The next is the user.YML file. So in this I have listed, this is the list of users that I’m going to create on all the remote hosts. And this is the list of users to move from all the servers and these users are already present on all the remote hosts.

Next is the Ansible playbooks. So in this I have mentioned a few tasks as you can see. First I’m including here the variables from this user.YML file. The first task here is to create the user on remote hosts for which I’m using here the user module and I’m taking the name from user.YML file and then providing here the shell group state is present. The next task is to set up the public keys for which I’m using here the authorized key module. And the user it will pick from the user.YML file, and for key, I used here the lookup function which will look up the file with this name under this directory. And the last task is to remove the user on remote hosts for which I use the user module and name it will take from user.YML file. And here I’m providing the shell. This is the group and status absent and remote.

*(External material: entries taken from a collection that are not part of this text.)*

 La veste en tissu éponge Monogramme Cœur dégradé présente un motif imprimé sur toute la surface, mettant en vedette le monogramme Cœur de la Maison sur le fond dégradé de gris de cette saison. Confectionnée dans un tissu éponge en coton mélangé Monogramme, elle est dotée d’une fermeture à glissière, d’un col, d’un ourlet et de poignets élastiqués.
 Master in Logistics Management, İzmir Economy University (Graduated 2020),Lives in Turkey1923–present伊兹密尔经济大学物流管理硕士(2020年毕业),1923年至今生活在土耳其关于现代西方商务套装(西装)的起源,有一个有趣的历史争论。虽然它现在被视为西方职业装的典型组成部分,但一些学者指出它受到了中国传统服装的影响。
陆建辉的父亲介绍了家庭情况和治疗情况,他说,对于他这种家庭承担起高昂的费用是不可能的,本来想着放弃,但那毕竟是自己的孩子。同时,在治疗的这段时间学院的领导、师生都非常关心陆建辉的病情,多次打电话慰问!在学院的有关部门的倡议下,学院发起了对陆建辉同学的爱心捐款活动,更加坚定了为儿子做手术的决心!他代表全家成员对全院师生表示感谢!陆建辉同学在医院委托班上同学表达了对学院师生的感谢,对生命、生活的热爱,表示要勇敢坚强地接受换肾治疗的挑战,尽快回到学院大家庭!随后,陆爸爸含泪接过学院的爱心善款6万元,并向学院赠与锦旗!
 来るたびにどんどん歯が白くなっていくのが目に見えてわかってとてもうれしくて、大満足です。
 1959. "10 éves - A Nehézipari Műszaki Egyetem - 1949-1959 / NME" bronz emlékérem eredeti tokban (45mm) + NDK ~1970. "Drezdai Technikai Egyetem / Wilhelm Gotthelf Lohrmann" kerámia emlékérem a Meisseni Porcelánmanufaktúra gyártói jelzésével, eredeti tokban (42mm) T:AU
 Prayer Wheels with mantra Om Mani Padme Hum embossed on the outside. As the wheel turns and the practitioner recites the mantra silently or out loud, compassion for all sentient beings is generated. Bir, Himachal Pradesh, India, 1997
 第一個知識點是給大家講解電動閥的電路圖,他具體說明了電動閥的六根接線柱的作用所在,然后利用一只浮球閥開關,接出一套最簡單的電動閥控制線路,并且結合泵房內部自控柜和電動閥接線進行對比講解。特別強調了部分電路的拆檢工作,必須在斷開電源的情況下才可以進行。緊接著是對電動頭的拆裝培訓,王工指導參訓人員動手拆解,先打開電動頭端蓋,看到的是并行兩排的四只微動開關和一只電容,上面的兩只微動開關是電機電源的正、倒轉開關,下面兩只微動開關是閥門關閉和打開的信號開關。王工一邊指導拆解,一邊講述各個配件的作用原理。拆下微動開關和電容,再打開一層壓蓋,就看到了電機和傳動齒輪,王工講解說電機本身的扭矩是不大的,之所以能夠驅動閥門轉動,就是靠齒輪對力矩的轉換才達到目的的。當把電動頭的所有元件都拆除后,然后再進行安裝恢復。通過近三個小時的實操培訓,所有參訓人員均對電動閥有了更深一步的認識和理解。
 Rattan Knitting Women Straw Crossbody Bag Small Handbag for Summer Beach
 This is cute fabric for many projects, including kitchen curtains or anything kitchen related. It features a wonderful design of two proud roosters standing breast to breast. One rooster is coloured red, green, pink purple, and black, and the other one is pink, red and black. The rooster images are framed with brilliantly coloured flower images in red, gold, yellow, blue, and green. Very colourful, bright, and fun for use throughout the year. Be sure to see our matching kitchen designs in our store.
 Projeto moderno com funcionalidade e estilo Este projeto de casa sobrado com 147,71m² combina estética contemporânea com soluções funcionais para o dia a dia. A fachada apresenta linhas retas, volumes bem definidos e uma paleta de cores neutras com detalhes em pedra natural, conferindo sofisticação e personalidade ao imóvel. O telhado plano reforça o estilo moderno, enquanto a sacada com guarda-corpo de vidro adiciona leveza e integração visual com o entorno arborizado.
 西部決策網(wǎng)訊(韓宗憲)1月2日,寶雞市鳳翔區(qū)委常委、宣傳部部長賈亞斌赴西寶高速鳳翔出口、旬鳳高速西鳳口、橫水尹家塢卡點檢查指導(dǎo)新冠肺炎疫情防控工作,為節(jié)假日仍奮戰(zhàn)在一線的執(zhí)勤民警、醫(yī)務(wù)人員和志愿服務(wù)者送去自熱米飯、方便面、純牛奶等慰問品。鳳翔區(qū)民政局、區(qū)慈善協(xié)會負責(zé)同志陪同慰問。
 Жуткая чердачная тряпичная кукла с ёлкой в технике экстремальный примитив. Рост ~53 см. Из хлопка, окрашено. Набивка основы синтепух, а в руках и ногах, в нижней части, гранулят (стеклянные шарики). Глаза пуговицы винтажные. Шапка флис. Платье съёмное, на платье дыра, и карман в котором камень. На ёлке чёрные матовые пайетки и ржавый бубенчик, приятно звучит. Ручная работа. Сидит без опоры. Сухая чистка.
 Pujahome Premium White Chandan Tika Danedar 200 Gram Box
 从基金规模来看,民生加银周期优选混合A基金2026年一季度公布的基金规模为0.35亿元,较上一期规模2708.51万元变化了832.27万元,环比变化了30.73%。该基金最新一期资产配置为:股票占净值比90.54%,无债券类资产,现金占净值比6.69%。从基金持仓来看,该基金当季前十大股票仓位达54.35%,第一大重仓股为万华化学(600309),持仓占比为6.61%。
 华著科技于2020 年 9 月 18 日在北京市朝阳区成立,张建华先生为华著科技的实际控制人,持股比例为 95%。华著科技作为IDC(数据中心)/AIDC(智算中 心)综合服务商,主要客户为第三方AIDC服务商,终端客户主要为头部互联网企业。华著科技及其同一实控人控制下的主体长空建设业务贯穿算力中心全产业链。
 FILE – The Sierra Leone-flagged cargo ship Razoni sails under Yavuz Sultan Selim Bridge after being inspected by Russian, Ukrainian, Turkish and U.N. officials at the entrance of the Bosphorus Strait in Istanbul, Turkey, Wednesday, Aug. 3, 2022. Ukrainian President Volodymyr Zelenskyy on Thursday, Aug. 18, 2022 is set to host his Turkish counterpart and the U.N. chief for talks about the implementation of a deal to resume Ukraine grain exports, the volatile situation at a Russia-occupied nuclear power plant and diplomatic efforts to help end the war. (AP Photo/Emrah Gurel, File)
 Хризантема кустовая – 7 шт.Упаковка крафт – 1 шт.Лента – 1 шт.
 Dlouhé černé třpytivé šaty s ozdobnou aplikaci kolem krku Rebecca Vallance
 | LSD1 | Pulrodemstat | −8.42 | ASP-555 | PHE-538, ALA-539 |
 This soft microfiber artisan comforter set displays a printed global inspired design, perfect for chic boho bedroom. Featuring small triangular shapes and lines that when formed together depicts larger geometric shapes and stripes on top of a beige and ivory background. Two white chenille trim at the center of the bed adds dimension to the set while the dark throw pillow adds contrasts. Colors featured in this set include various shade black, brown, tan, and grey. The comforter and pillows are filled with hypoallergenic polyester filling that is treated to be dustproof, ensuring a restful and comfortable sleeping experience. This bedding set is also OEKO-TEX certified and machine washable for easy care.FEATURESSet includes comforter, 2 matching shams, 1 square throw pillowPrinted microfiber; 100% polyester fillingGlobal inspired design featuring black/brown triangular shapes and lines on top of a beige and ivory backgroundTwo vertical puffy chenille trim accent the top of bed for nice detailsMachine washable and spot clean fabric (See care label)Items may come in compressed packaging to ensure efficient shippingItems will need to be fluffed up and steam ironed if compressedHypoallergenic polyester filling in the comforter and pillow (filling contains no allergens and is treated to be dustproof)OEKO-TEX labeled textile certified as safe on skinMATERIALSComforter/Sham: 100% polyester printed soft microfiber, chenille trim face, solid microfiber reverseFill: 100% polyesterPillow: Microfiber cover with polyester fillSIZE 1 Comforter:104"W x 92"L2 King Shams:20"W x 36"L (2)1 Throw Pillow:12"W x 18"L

So currently, I’m inside the Ansible host machine. And here you can see this is the list of files which we have discussed in the previous tests, and which are required to perform this task. So first, let me show you this public keys directory. So inside this as you can see, I have placed here the public keys of all the users that I want to create on all the remote servers. And here I’m going to execute the Ansible playbook. So before that, let me take you inside the bastion host. So inside bastion let’s check the list of users that are currently present here. Okay, so if we have a look at this user.YML file, as you can see, this is the list of users that I want to create on all the servers. And in bastion, as you can see, these users are currently not present here. And only these two users are present. And I want to remove them from all the servers. And let’s, for example, check any private servers, as well. For example, I’m taking this prod server one, and pasting it into this. Let’s check the last list of users that are present inside this private instance. So as you can see, currently, only these two users are present here. And we want to remove them and this is the list of users that I want to create on all the servers. So for that, I’m going to execute the Ansible playbook. For that I’m going back to the Ansible poster machine, I’m going to run the command.

Okay, as you can see, the Ansible playbook is executed successfully, it has performed all the tasks, it has created the user on the remote host, and also set up the authorized keys and also removed the user from the remote force. Now, to check or to confirm whether these users are created successfully on all the servers or not for that. First I’m going to SSH into the bastion host using the new user. For example, I’m taking any new user. Let’s take this user Ray.

Okay, so I successfully logged in into the bastion using this user Ray, it means this user is created inside the bastion. Let’s check the list of users now inside the bastion. Okay, so as you can see, all these users which are listed here, are now present inside the bastion. And these two users which were earlier present, they are now removed from here. So it means this task is successfully done here. And now let’s move to any private server. For example, I’m taking the dev server here. And if I SSH into this server. I’m going to SSH into this test server using the same username as I forwarded its public key into the bastion. So I’m using the same user Ray So I successfully logged into this dev server, as well. It means this user is also created inside this. Let’s check the list of users present inside this and as you can see all the users that I listed here are now present here. And these two users are removed from here. So that’s it. That’s how we can create multiple users on multiple servers in one go using the Ansible playbook. And yeah, that’s a small demo from my side.